We hear a lot about gender parity when it comes to cybersecurity, particularly as it relates to closing the gender gap in the workforce. Although the current workforce numbers are encouraging, they still leave vast opportunity for improvement. New research from Cybersecurity Ventures predicts up to 3.5 million job openings in cybersecurity by 2021. Women, however, currently make up only 20 percent of the global cybersecurity workforce. This statistic is even more notable when compared to a recent estimate from the U.S. Department of Labor Bureau of Labor Statistics that nearly half of the U.S. labor force is composed of women.
This year’s International Women’s Day theme, “Balance for Better,” called for gender parity across all industries worldwide. Why is this so important?
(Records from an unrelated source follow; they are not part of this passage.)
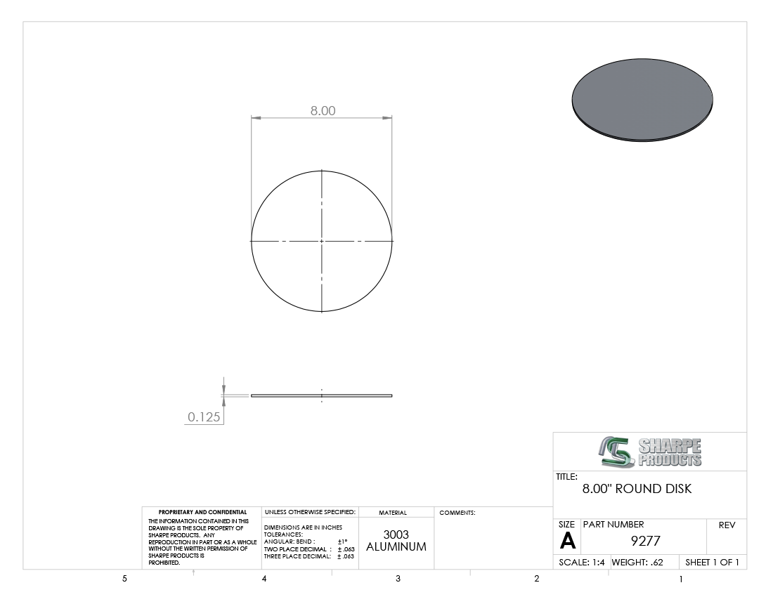 DISK ALUM 3003, 8 DIA. X 1/8 THICK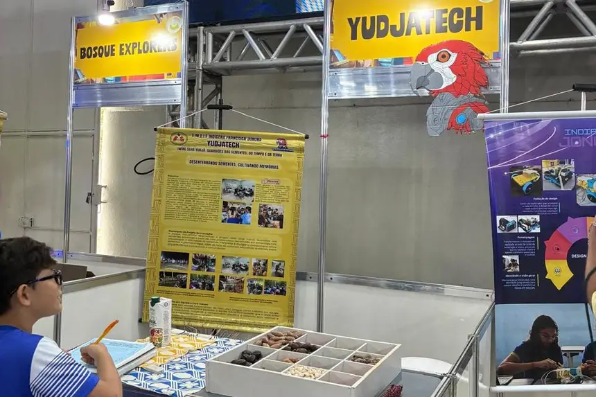 Já a equipe Yudjatech desenvolveu o projeto Iwíre Seha Yudjá: Guardiões das Sementes Ancestrais, que aborda a arqueobotânica a partir do olhar indígena. A proposta reúne sementes tradicionais catalogadas em um acervo digital acessado por QR Code, integrado a uma maleta educativa. O projeto destaca o papel das sementes como guardiãs de memória, história e modos de vida, aproximando ciência, escola e comunidade.
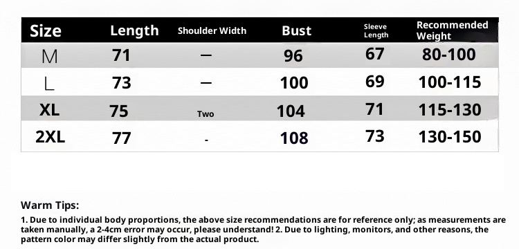1. Asian sizes are 1 to 2 sizes smaller than European and American people. Choose the larger size if your size between two sizes. Please allow 2-3cm differences due to manual measurement. 2. Please check the size chart carefully before you buy the item, if you don't know how to choose size, please contact our customer service. 3.As you know, the different computers display colors differently, the color of the actual item may vary slightly from the following images.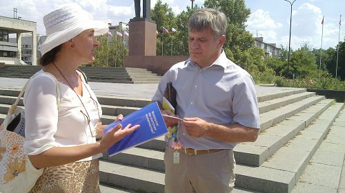 乌克兰部份法轮功学员利用周末时间,前往乌克兰中西部的主要旅游疗养城市,向当地世人弘传大法,并揭露中共迫害法轮功,活摘法轮功学员身体器官的暴行。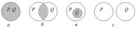 рис. 5. Пересечение: а – тождественные понятия; б – перекрещивающиеся понятия; в – подчиненное и подчиняющее понятия; г – несовместимые (соподчиненные) понятия Объединение. Операция объединения запишется так:
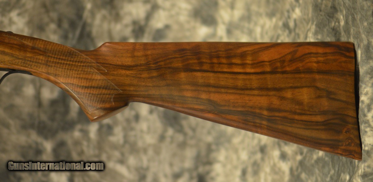 Description: New Perazzi MX28B Sporting or Field 28GA with 32" fixed choke (M/IM) barrels, 7x7 parallel game rib, solid side-ribs. Factory scaled 28GA receiver, blued with fully hand-engraved borders and fixed selective coil spring trigger. Factory SC2 grade Purdey style pistol grip stock to checkered butt, slim game style forearm. Includes factory case, papers and tools. Call 626-633-1002 for pricing. SOLD |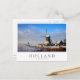 Fotovykort från en kvarn bredvid en liten flod i solljuset från en vintermorgon i kallet i ett nederländskt landskap med snö i Nederländerna med ett vitt kant och i en vit låda med rand i rött, vitt och blått, färg i den nederländska flagga, texten "Nederländerna, Nederländerna".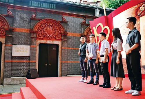 2020年6月29日,“新时代答卷人——上海市教育系统庆祝中国共产党成立99周年暨学生爱国主义教育主题活动”在中共一大会址前举行。来自复旦大学、同济大学、上海建桥学院、上海市曹杨第二中学等8所学校的200余名师生代表参加活动,通过情景讲述、现场教学、集体朗诵等形式,庆祝中国共产党成立99周年,展现广大上海学子的爱国情、强国志。图为复旦大学师生代表在一大会址前展示情景教学。新华社记者 刘颖/摄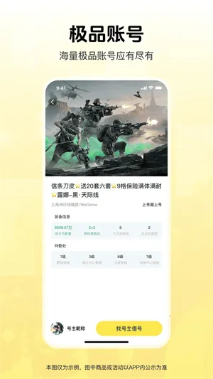 4、支持多款热门手游账号随心体验,无论是高段位账号的竞技快感,还是稀有皮肤的收藏乐趣,都能轻松实现。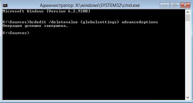 При желании всё отменить и вернуться в новое меню загрузки, в командной строке от имени администратора вводим команду: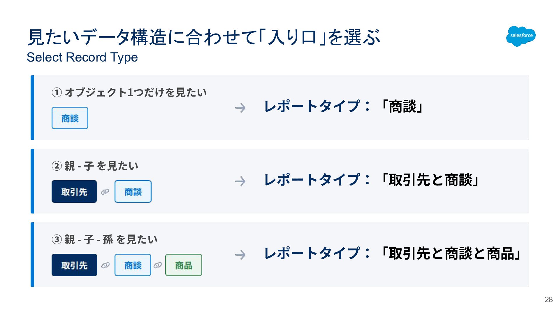 見たいデータ構造に合わせて「入り口」を選ぶ Select Record Type 28 レポートタイプ:「商談」 レポートタイプ:「取引先と商談」 レポートタイプ:「取引先と商談と商品」 ① オブジェクト1つだけを⾒たい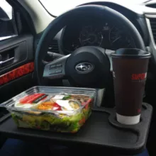 I love this tray! Where I work, days can get hectic to the point where I simply refuse to eat my lunch inside so I go to my car (mental breakaway). I have a sliding armrest/console but it got annoying trying to cut up my hibachi-style teriyaki chicken from Tokyo Grill on it. I did an internet search and found this! No regrets! Note: if you have a steering wheel cover on, this won’t work. Bright side: it’s easy to put on your steering wheel and yes you will doubt yourself and think you can’t apply pressure or you’ll drop your food and drink in your lap, lol. This tray is sturdy enough to cut up food on it! Now, I have to be honest, I only used the “cup holder/placement” feature once.......I prefer the security of my cup holders in my car (‘17 Honda Civic). So where the cup I supposed to go, I put my phone there to watch YouTube while I eat my lunch (propped up by a popsocket). It works perfectly! Oh, and if you put this on your steering wheel and it’s at an angle, just take it off and try again. It’ll happen when you’re trying to put it on in a rush or just aren’t paying attention. :)

Because getting women to fully participate in the global economy, according to a 2017 World Economic Forum report, is essential to “the growth, competitiveness and future-readiness of economies and businesses worldwide.” The report estimates that closing the gender gap in economic participation by 25 percent between 2017 and 2025 will result in a U.S. $5.3 trillion increase in the global gross domestic product (GDP).
Mobile and internet security are a must for full economic participation
An important indicator of women’s ability to contribute to the global economy is safe and secure use of technology, particularly mobile handheld devices and wireless internet connectivity. The ubiquitous nature of the internet and mobile devices provides the paradigm by which our society works, plays, communicates and stays connected, and accessibility can empower more women to become part of the global business world. Leveraging technology to advance the world economy requires an information-managed process focused on information assurance and security. As the number of women in the global workforce continues to rise, the use of technology must prioritize security.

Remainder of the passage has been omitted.